[WORK TO COMPLETE]
Please transcribe the records precisely; pictures stay out of your copy.

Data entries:
*** Block opens ***

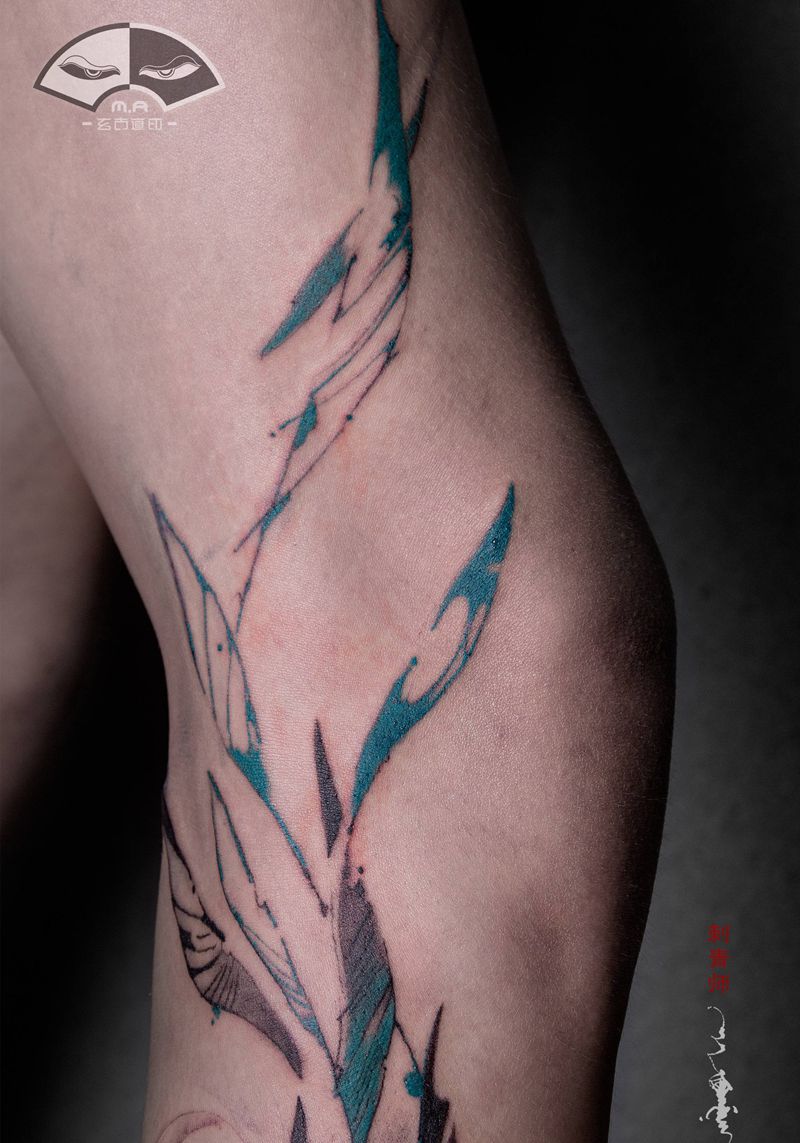 当前位置: 首页 >陕西省西安市纹身店-玄古道印༺࿄࿆༼M.A༽࿅࿆༻纹身图案>《凤凰》纹身图片_腿部水墨凤凰纹身图案
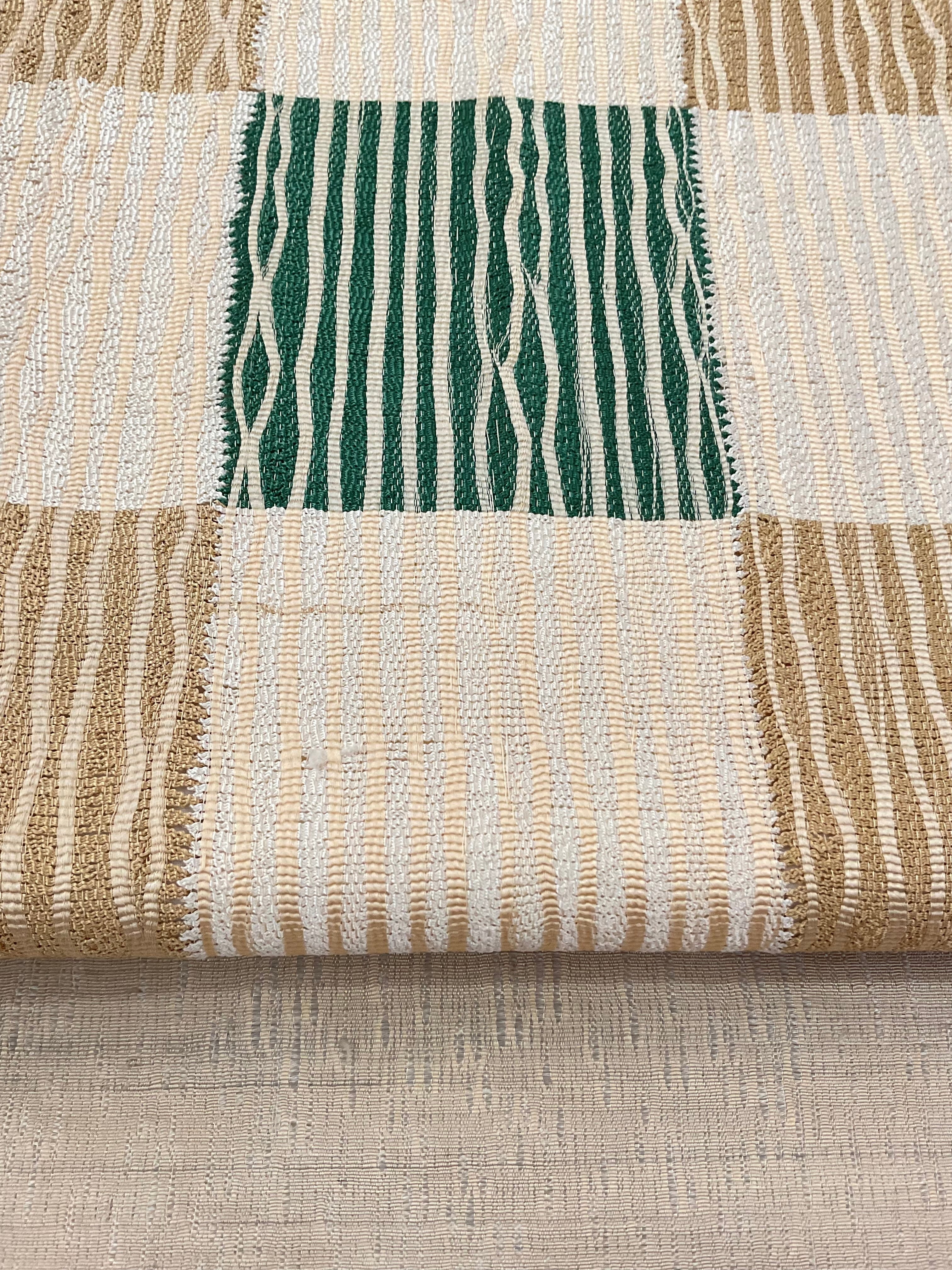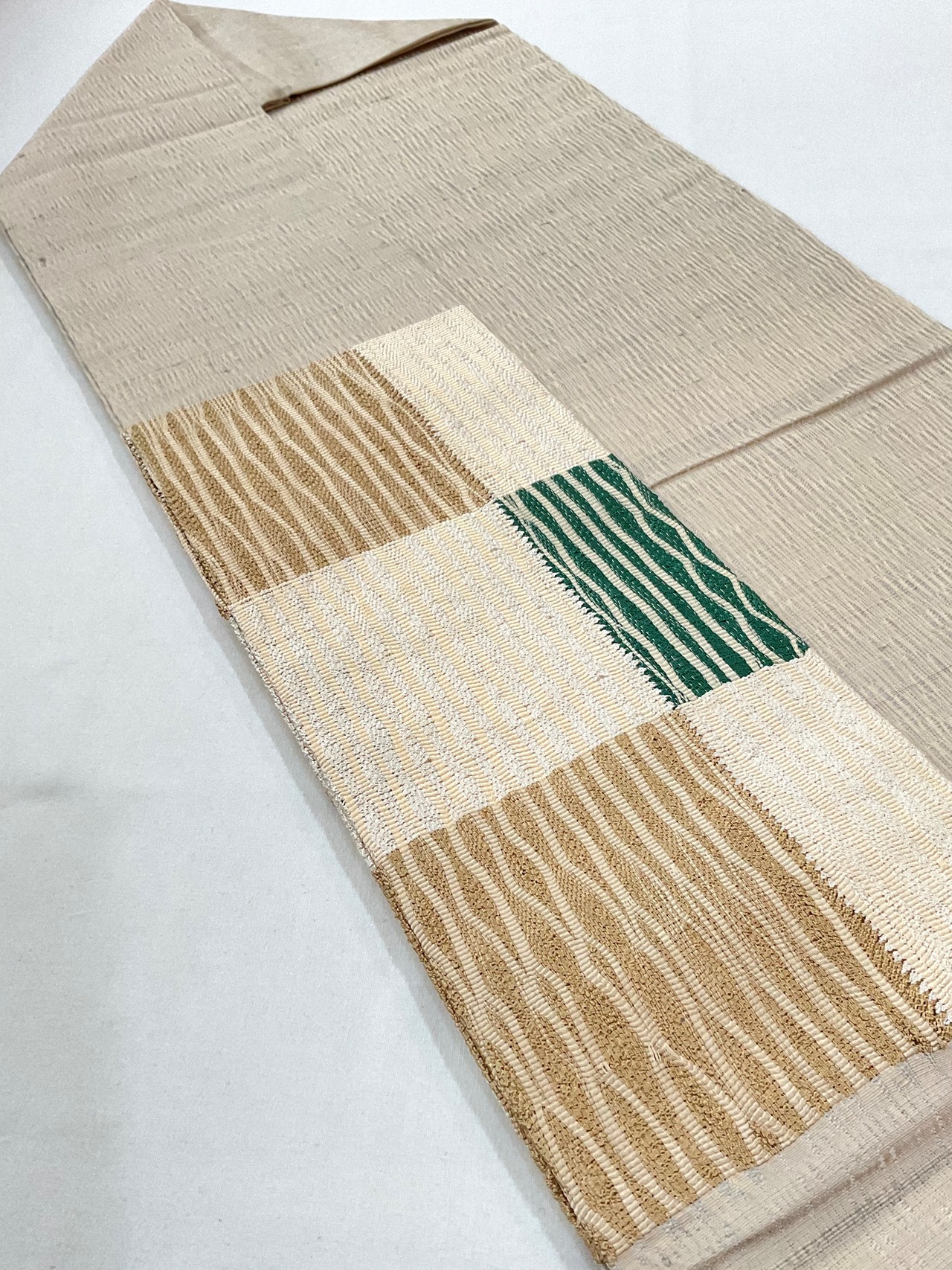 ベージュ地石畳文の九寸なごや帯、よろけた縦縞と、中に緑色のブロックが配されることで単調にならず遊び心さえ感じさせます。
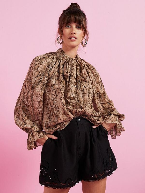 V by Very Snake Printed Volume Sleeve Sheer Blouse - Brown
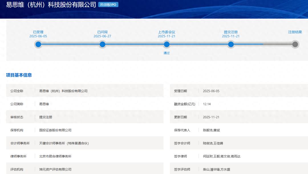 11月21日,上海证券交易所官网显示,易思维(杭州)科技股份有限公司(下文简称“易思维”)科创板IPO过会,距离登陆科创板仅有半步之遥。
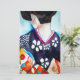 mit originellem Kunstdesign aus Aquarellmalerei von japanischem Geisha in dunkelblau, detailliert orange Kimono mit himmelblauem Hintergrund. Die schöne, farbenfrohe und orientalisch-asiatische Malerei stammt aus der japanischen Kyōto-Region. Sie ist inspiriert von orientalischen und asiatischen Kunstwerken.
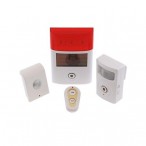 Battery Powered External Wireless Alarm supplied with 3 x External PIR's & 2 x Remote Controls, popular for protecting Gardens, Farms & Yards (No Power Required).
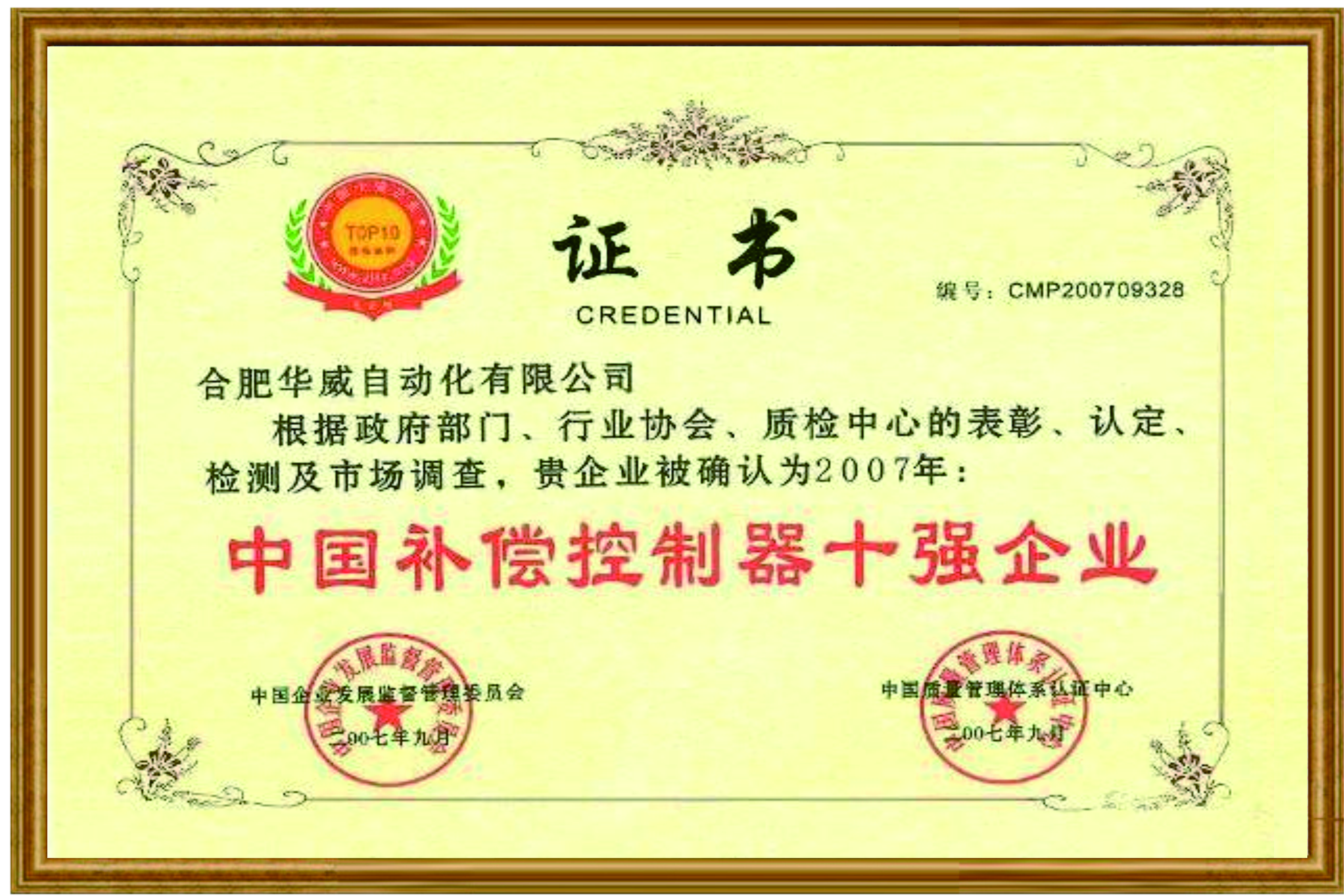 中國補(bǔ)償控制器十強(qiáng)企業(yè)證書
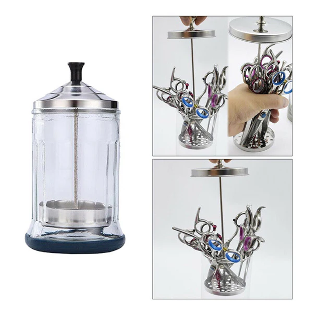 - Jarro de desinfeção com líquido Barbicide- Adequado para esterilizar pequenos acessórios com liquido esterilizador- Deverá submergir completamente os instrumentos no líquido por pelo menos 10 minutos- Capacidade: 621ml
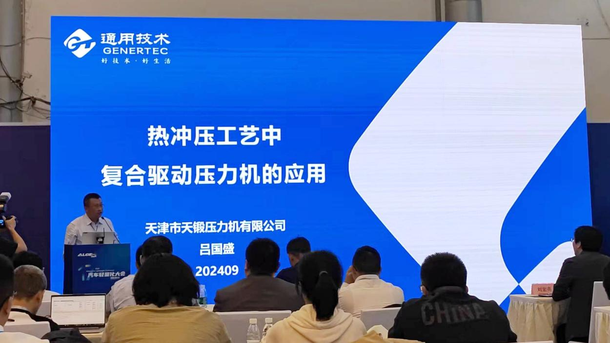 展會(huì)期間,公司總經(jīng)理劉林志、副總經(jīng)理王世明帶領(lǐng)市場(chǎng)營(yíng)銷人員接待來訪領(lǐng)導(dǎo)和客戶,介紹公司核心技術(shù)和產(chǎn)品,展示公司整體實(shí)力及在國(guó)內(nèi)外市場(chǎng)取得的成績(jī)。技術(shù)中心設(shè)計(jì)院智能裝備所所長(zhǎng)呂國(guó)盛在大會(huì)上作《熱沖壓工藝中復(fù)合驅(qū)動(dòng)壓力機(jī)的應(yīng)用》報(bào)告,向與會(huì)客商介紹公司在汽車輕量化方面的創(chuàng)新技術(shù)成果。
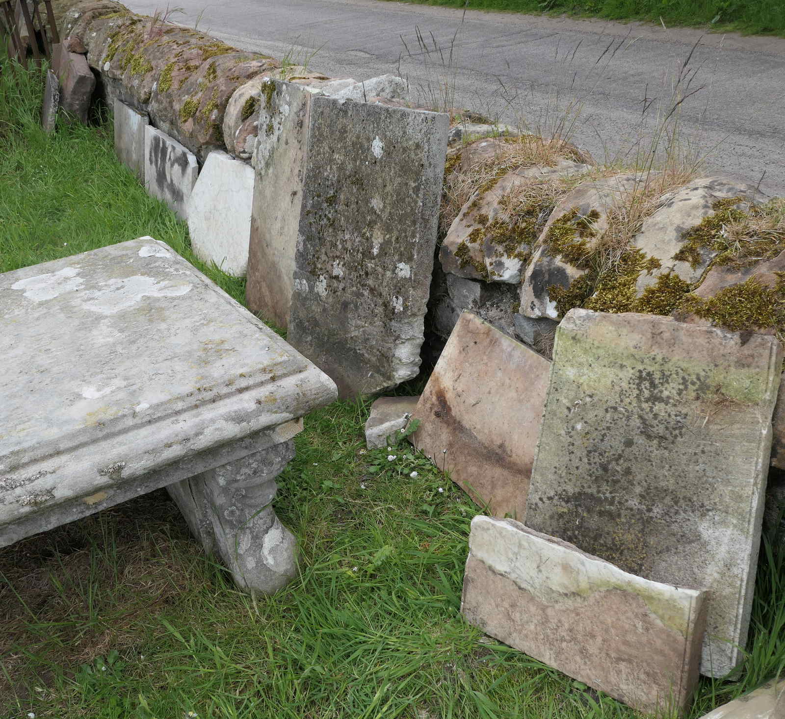 The component panels of the memorial to Sir Hugh’s daughter are stacked against the dyke prior to a later restoration.
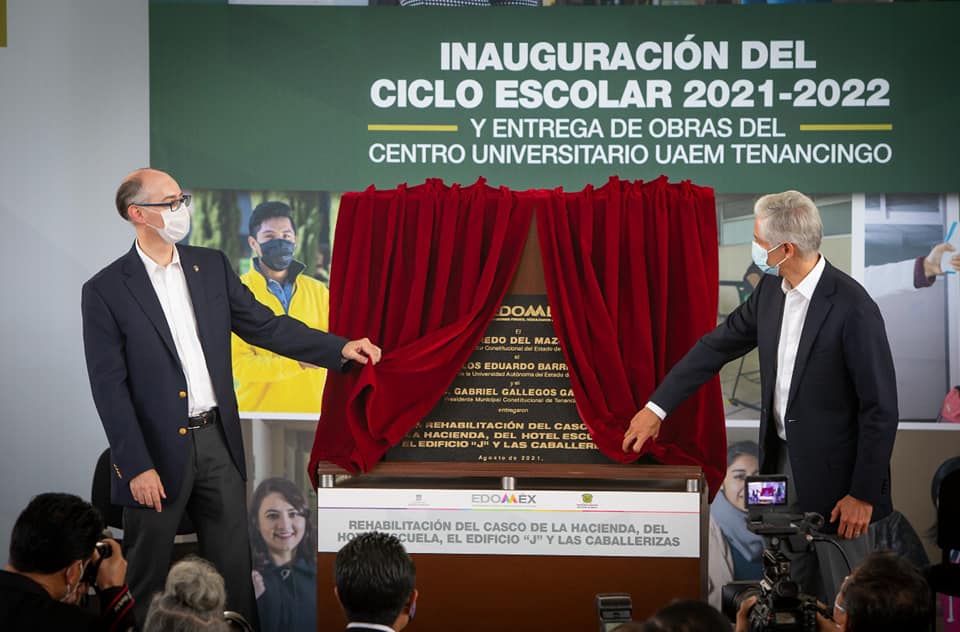 Con una inversión de 45.4 millones de pesos, Del Mazo Maza y Barrera Díaz entregaron obras, rehabilitación y mantenimiento en el Centro Universitario UAEM Tenancingo para la restauración del casco de la hacienda, así como al edificio J, las caballerizas y el Hotel Escuela, que sufrieron daños tras los sismos de septiembre de 2017.
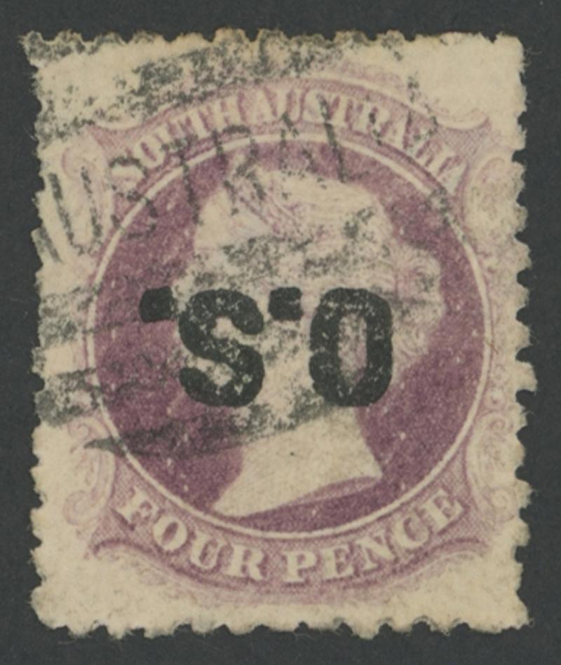 OVERPRINTED THICK 'OS': 1876-85 QV Perkins Bacon Broad Star Wmk Perf 11½-12½ 4d deep mauve with the Overprint Inverted SG O24a,
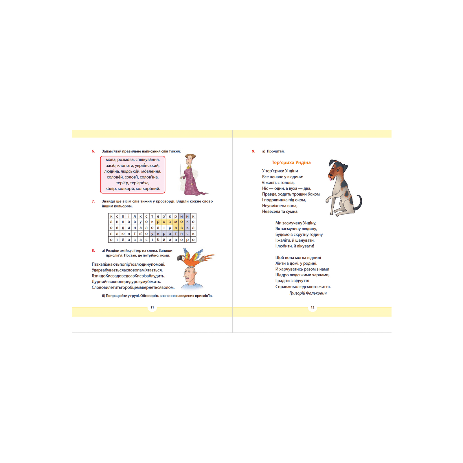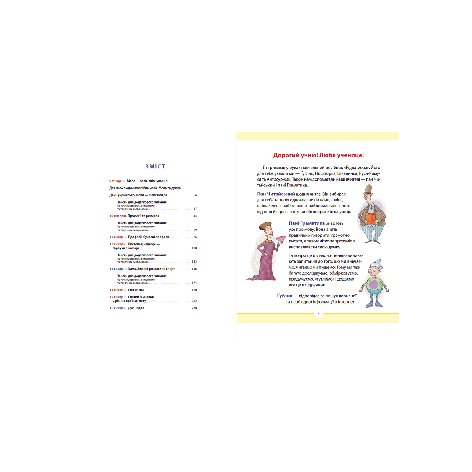 На сторінках навчального посібника ви зустрінете цікавих героїв, які допоможуть опанувати нові інтегровані уроки української мови та літератури. З ними щодня читатимете твори сучасних авторів та класиків дитячої літератури, аналізуватимете прочитане та навчитеся висловлювати власну думку і дбати про чистоту мови, а ще — дізнаєтеся безліч нових слів та іншого цікавого з предмету «Рідна мова». На вас чекають усні й письмові вправи, творчі та логічні завдання, а наприкінці кожного навчального тижня — контрольні запитання та завдання для засвоєння знань.

*** Block closes ***

[WRITTEN REPLY]
 当前位置: 首页 >陕西省西安市纹身店-玄古道印༺࿄࿆༼M.A༽࿅࿆༻纹身图案>《凤凰》纹身图片_腿部水墨凤凰纹身图案
 ベージュ地石畳文の九寸なごや帯、よろけた縦縞と、中に緑色のブロックが配されることで単調にならず遊び心さえ感じさせます。
 V by Very Snake Printed Volume Sleeve Sheer Blouse - Brown
 11月21日,上海证券交易所官网显示,易思维(杭州)科技股份有限公司(下文简称“易思维”)科创板IPO过会,距离登陆科创板仅有半步之遥。
 mit originellem Kunstdesign aus Aquarellmalerei von japanischem Geisha in dunkelblau, detailliert orange Kimono mit himmelblauem Hintergrund. Die schöne, farbenfrohe und orientalisch-asiatische Malerei stammt aus der japanischen Kyōto-Region. Sie ist inspiriert von orientalischen und asiatischen Kunstwerken.
 Battery Powered External Wireless Alarm supplied with 3 x External PIR's & 2 x Remote Controls, popular for protecting Gardens, Farms & Yards (No Power Required).
 中國補(bǔ)償控制器十強(qiáng)企業(yè)證書
 - Jarro de desinfeção com líquido Barbicide- Adequado para esterilizar pequenos acessórios com liquido esterilizador- Deverá submergir completamente os instrumentos no líquido por pelo menos 10 minutos- Capacidade: 621ml
 展會(huì)期間,公司總經(jīng)理劉林志、副總經(jīng)理王世明帶領(lǐng)市場(chǎng)營(yíng)銷人員接待來訪領(lǐng)導(dǎo)和客戶,介紹公司核心技術(shù)和產(chǎn)品,展示公司整體實(shí)力及在國(guó)內(nèi)外市場(chǎng)取得的成績(jī)。技術(shù)中心設(shè)計(jì)院智能裝備所所長(zhǎng)呂國(guó)盛在大會(huì)上作《熱沖壓工藝中復(fù)合驅(qū)動(dòng)壓力機(jī)的應(yīng)用》報(bào)告,向與會(huì)客商介紹公司在汽車輕量化方面的創(chuàng)新技術(shù)成果。
 The component panels of the memorial to Sir Hugh’s daughter are stacked against the dyke prior to a later restoration.
 Con una inversión de 45.4 millones de pesos, Del Mazo Maza y Barrera Díaz entregaron obras, rehabilitación y mantenimiento en el Centro Universitario UAEM Tenancingo para la restauración del casco de la hacienda, así como al edificio J, las caballerizas y el Hotel Escuela, que sufrieron daños tras los sismos de septiembre de 2017.
 OVERPRINTED THICK 'OS': 1876-85 QV Perkins Bacon Broad Star Wmk Perf 11½-12½ 4d deep mauve with the Overprint Inverted SG O24a,
 На сторінках навчального посібника ви зустрінете цікавих героїв, які допоможуть опанувати нові інтегровані уроки української мови та літератури. З ними щодня читатимете твори сучасних авторів та класиків дитячої літератури, аналізуватимете прочитане та навчитеся висловлювати власну думку і дбати про чистоту мови, а ще — дізнаєтеся безліч нових слів та іншого цікавого з предмету «Рідна мова». На вас чекають усні й письмові вправи, творчі та логічні завдання, а наприкінці кожного навчального тижня — контрольні запитання та завдання для засвоєння знань.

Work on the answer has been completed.